TASK DESCRIPTION: It would help if you retyped the data exactly, leaving out the pictures.

GIVEN INFORMATION:
# # #

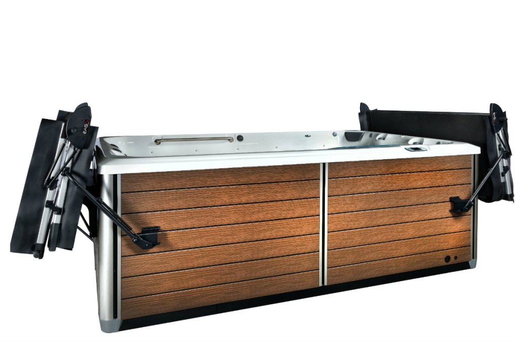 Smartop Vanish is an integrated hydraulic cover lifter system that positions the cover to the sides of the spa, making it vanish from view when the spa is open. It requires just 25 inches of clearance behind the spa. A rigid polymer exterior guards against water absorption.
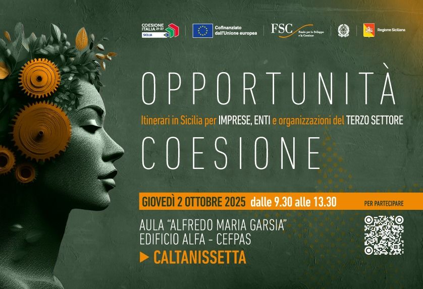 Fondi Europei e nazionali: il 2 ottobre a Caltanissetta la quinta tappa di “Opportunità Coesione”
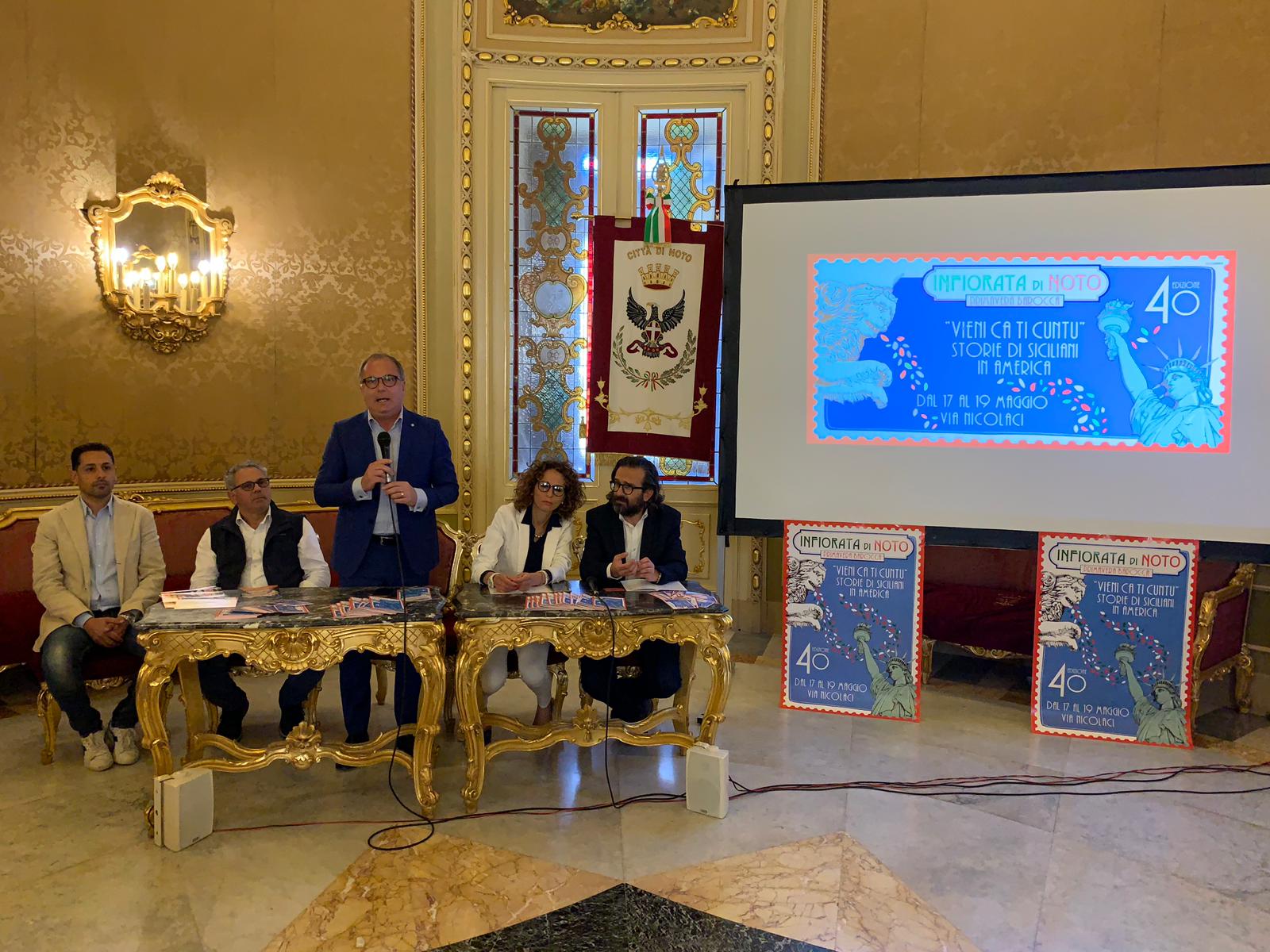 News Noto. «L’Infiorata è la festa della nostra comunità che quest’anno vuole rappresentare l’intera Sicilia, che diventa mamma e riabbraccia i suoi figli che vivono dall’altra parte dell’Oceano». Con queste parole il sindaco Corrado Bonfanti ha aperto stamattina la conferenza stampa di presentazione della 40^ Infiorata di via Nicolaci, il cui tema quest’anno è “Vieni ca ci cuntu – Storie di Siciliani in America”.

# # #

ANSWER TO THIS PROBLEM:
 Smartop Vanish is an integrated hydraulic cover lifter system that positions the cover to the sides of the spa, making it vanish from view when the spa is open. It requires just 25 inches of clearance behind the spa. A rigid polymer exterior guards against water absorption.
 Fondi Europei e nazionali: il 2 ottobre a Caltanissetta la quinta tappa di “Opportunità Coesione”
 News Noto. «L’Infiorata è la festa della nostra comunità che quest’anno vuole rappresentare l’intera Sicilia, che diventa mamma e riabbraccia i suoi figli che vivono dall’altra parte dell’Oceano». Con queste parole il sindaco Corrado Bonfanti ha aperto stamattina la conferenza stampa di presentazione della 40^ Infiorata di via Nicolaci, il cui tema quest’anno è “Vieni ca ci cuntu – Storie di Siciliani in America”.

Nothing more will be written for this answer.